Dr Ebrahim Rigi was arrested for treating wounded prisoners in Zahedan in October 2022, but subsequently released. Faced with a death sentence, he posted on his Instagram page with the following caption “My death, my execution, does not matter. I have died in this country a thousand times.” He was rearrested a week later and died as a result of wounds received during torture.

A Call to Action

The toll of the regime’s brutal and violent response has left hundreds beaten and seriously wounded – and has placed Iranian healthcare workers treating them in a dangerous position.

Dr. Mirhadi states, “I’m reaching out to the community outside of Iran for help.
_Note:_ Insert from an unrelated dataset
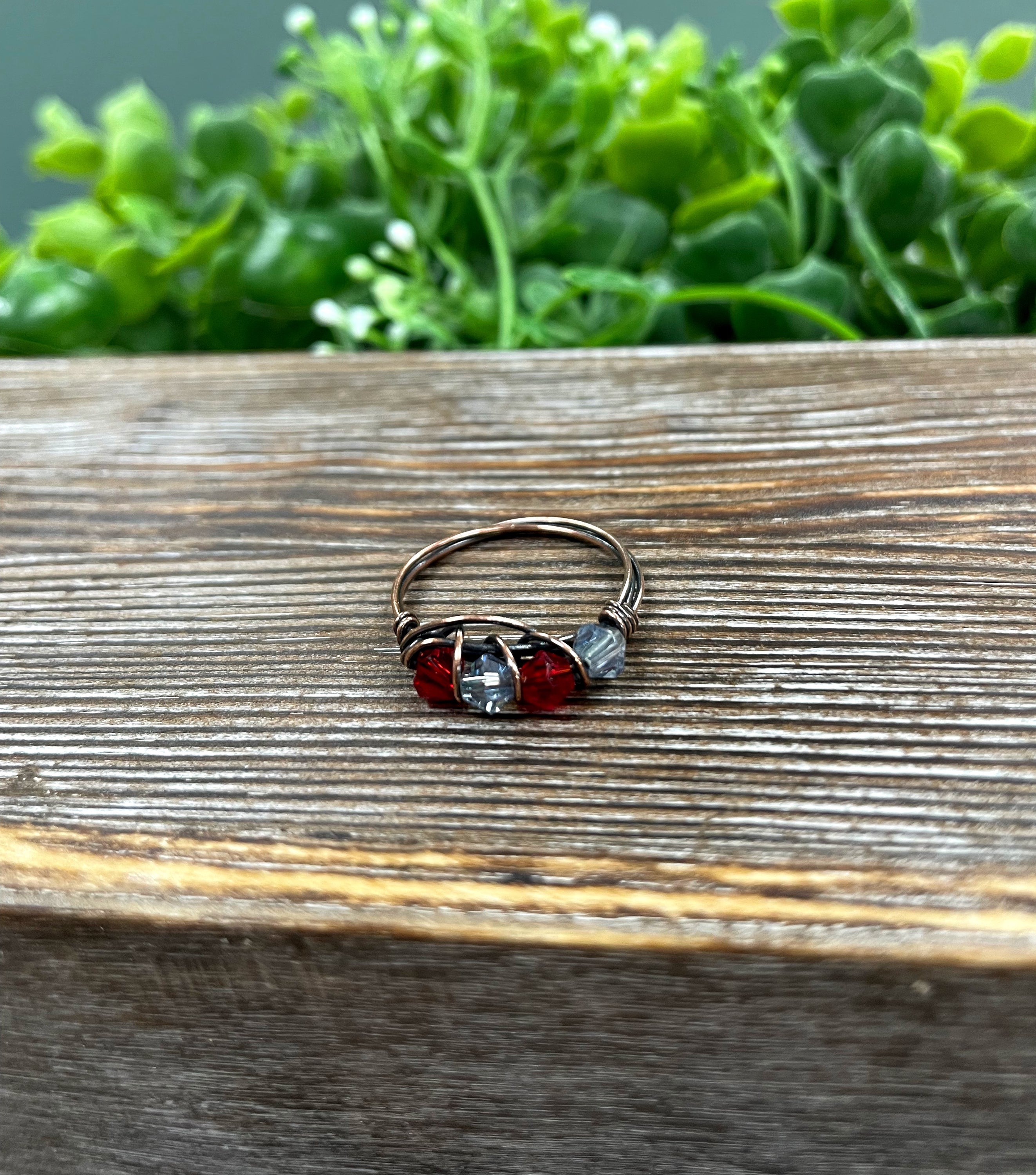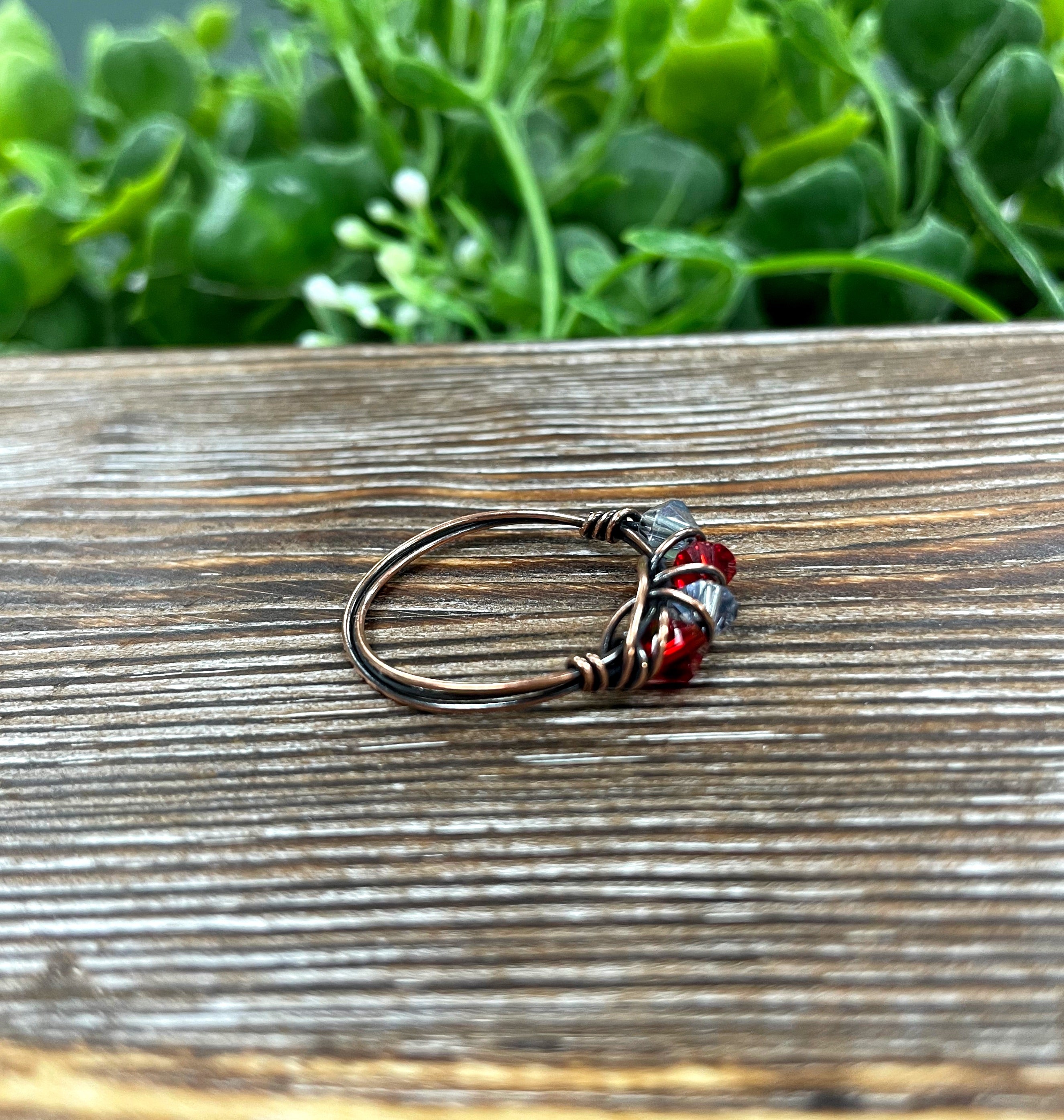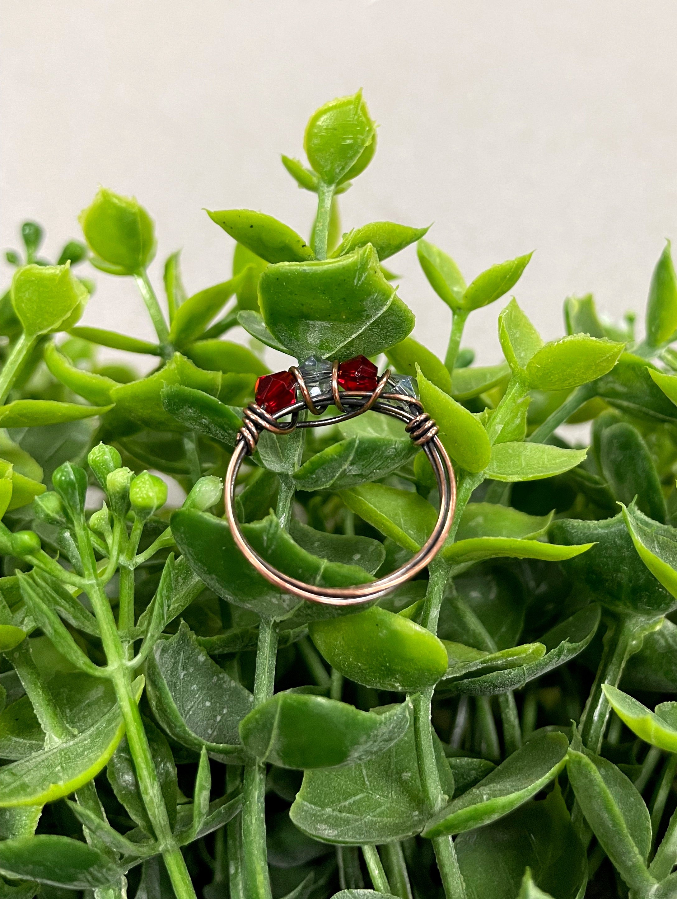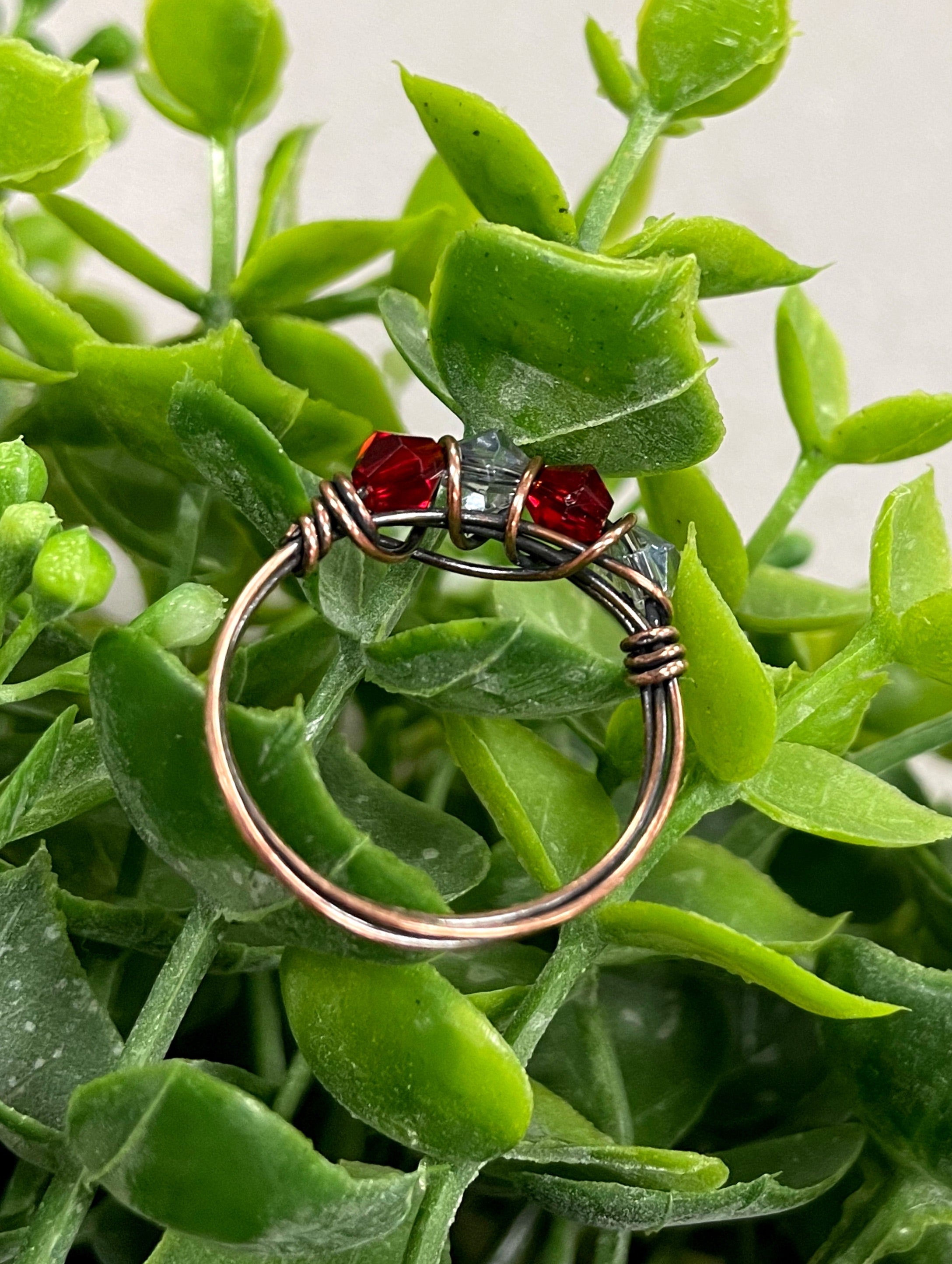 The Red and Grey Glass Crystal Wire Wrapped Ring is a stunning piece of jewelry that combines elegance and artistry. This handcrafted ring features beautiful red and grey glass beads that are intricately wrapped in oxidized copper wire, creating a unique and eye-catching design. The use of glass beads adds a touch of color and sophistication, making it a perfect accessory for any outfit.

I do feel hopeless at some points because I cannot keep up with all these messages.” Dr. Kamiar Alaei, a physician and activist who served more than 2 years in prison following a conviction by the Iranian government for ‘working with an enemy government’ on his HIV/AIDS research, shares some optimism: “Iranian doctors are taking part in protests for the first time, which shows how widespread they are. I am optimistic now about Iran and we say to academics around the world, please support the Iranian people.”

Healthcare is a human right, and that right is under fire in Iran. We cannot turn a blind eye.

This article is dedicated to the healthcare providers of Iran. We see you, and we stand with you.

Woman, Life, Freedom

Disclaimer: Views expressed by contributors are solely those of individual contributors, and not necessarily those of PLOS.